■ **Required action**
All of the data below should be set down again verbatim, without any images.

■ **Information supplied**

────────────────────────────────────────

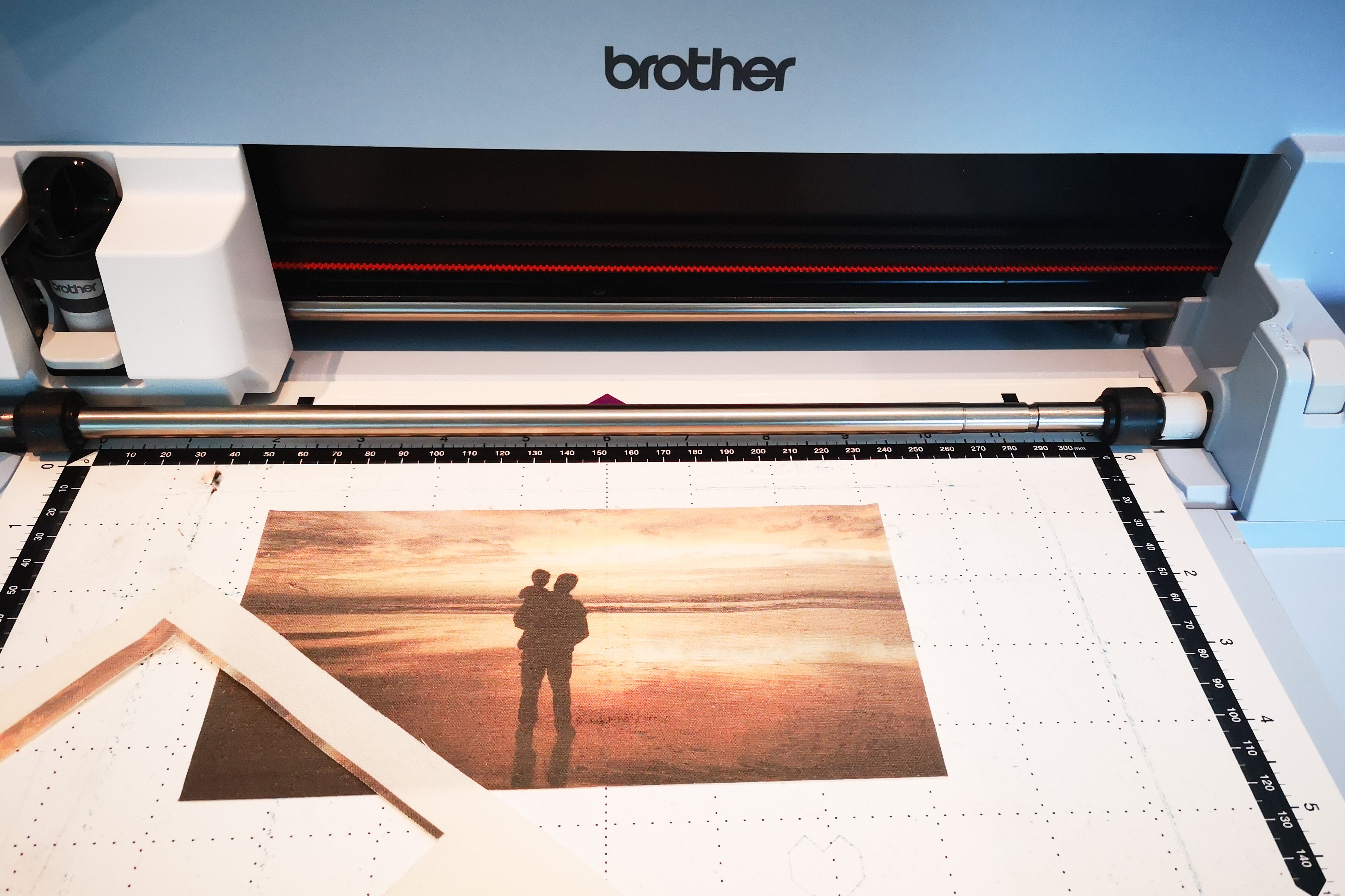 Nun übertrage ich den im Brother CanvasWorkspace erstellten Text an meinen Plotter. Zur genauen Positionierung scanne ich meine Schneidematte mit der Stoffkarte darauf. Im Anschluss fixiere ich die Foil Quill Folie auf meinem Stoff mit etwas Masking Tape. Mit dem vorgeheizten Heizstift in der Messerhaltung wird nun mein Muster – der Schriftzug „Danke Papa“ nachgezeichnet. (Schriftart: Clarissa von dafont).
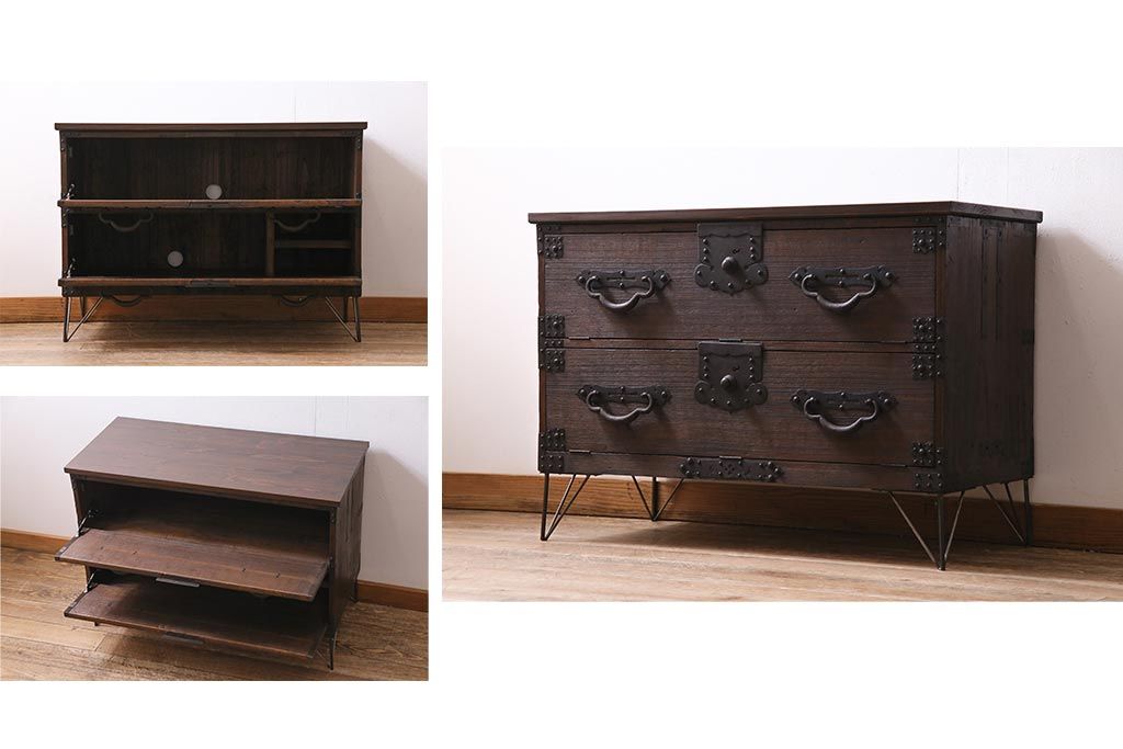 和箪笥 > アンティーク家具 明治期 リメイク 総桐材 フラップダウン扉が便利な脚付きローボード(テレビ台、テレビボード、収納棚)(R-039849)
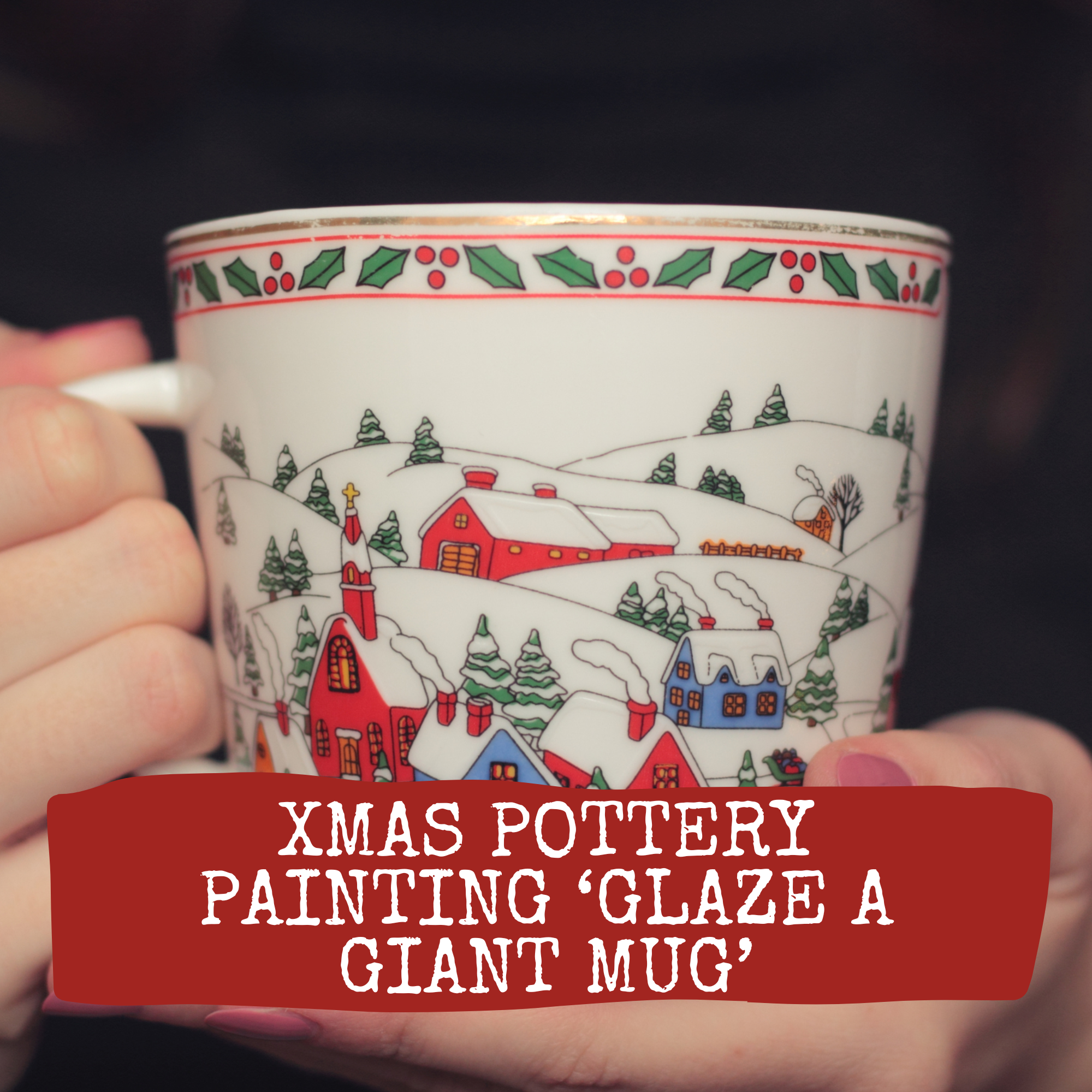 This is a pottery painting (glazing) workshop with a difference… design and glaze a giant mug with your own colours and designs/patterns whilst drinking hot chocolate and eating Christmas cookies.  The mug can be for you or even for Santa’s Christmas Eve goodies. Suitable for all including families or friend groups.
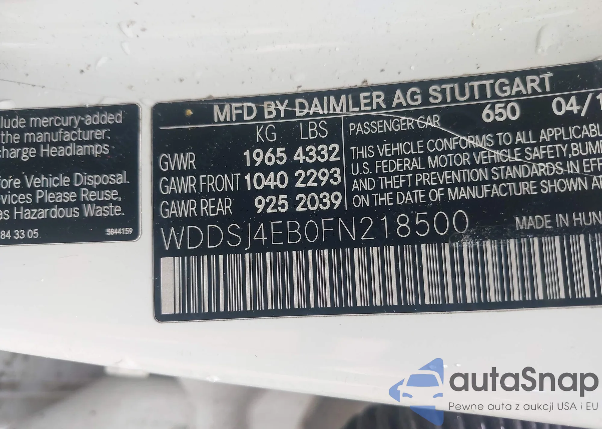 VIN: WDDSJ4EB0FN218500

────────────────────────────────────────

■ **Written response**
 Nun übertrage ich den im Brother CanvasWorkspace erstellten Text an meinen Plotter. Zur genauen Positionierung scanne ich meine Schneidematte mit der Stoffkarte darauf. Im Anschluss fixiere ich die Foil Quill Folie auf meinem Stoff mit etwas Masking Tape. Mit dem vorgeheizten Heizstift in der Messerhaltung wird nun mein Muster – der Schriftzug „Danke Papa“ nachgezeichnet. (Schriftart: Clarissa von dafont).
 和箪笥 > アンティーク家具 明治期 リメイク 総桐材 フラップダウン扉が便利な脚付きローボード(テレビ台、テレビボード、収納棚)(R-039849)
 This is a pottery painting (glazing) workshop with a difference… design and glaze a giant mug with your own colours and designs/patterns whilst drinking hot chocolate and eating Christmas cookies.  The mug can be for you or even for Santa’s Christmas Eve goodies. Suitable for all including families or friend groups.
 VIN: WDDSJ4EB0FN218500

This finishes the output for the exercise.